Chiglie lunghe strutturali, con pinna trapezoidale imbullonata, lame con siluri e bulbi, in ghisa sferoidale ferritica o austenitica con perni avvitati e filettati, in piombo “indurito” con antimonio e prigionieri annegati o con “collari” di controchiglia in VTR integrati a scafo devono essere ben noti per riconoscere come interpretare i segni che nascondono un potenziale problema in quello che è il punto più delicato della barca per la sicurezza e la stabilità.

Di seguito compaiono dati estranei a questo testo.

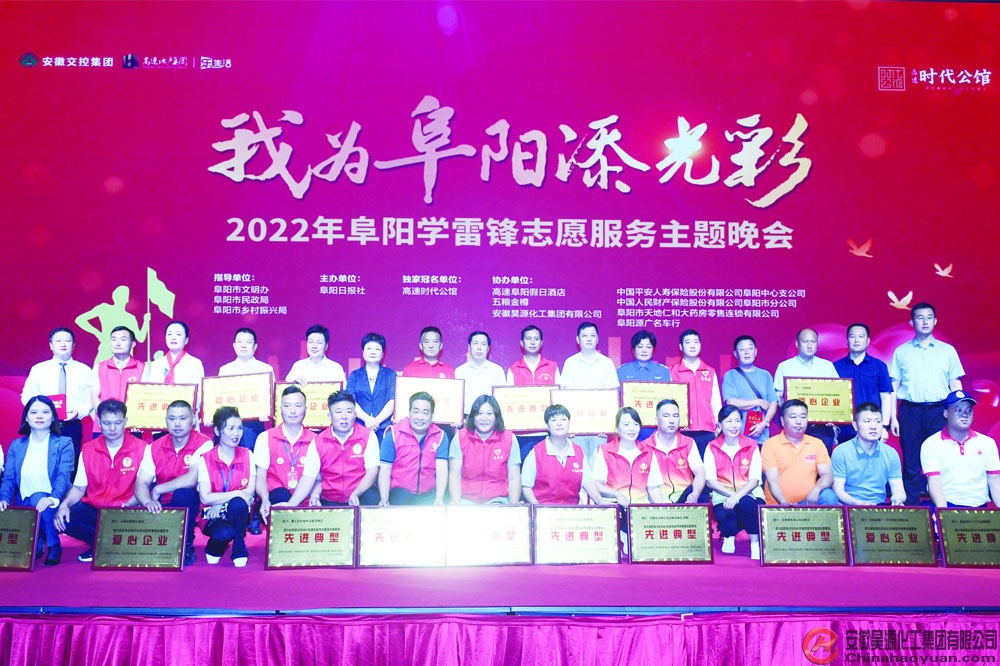 7月3日下午,由阜陽日報、潁州晚報社主辦,昊源化工集團、阜陽假日酒店等單位協辦的“我為阜陽添光彩——2022年阜陽學雷鋒志愿服務活動主題晚會”在阜陽假日酒店舉行,昊源公司黨委副書記、副總經理高玉磊出席晚會。會上,昊源公司被授予“愛心企業”榮譽稱號。

Fessure e distacchi tra chiglia e scafo, specialmente all’estremità anteriore, possono essere fisiologiche come anche un serio segnale di cedimento della giunzione. Controllare con lo scafo sollevato sulle fasce lo spazio del distacco e, scuotendola, provare ad osservare una eventuale oscillazione della deriva. Pulirla e valutarne la profondità e la natura. Una volta poggiato lo scafo sull’invaso controllarla nuovamente e vedere se rimane aperta o aderisce allo scafo. Macchie di bagnato che non si asciugano ed eventuali colature marroni di ruggine lungo il bordo d’attacco potrebbero indicare e confermare un sospetto di infiltrazione avvolte innocua e apparente nelle derive in ghisa perché fanno ruggine, come al contrario un credibile campanello di allarme in quelle di piombo con perni in inox, perché non fanno ruggine, ma l’inox dei perni si.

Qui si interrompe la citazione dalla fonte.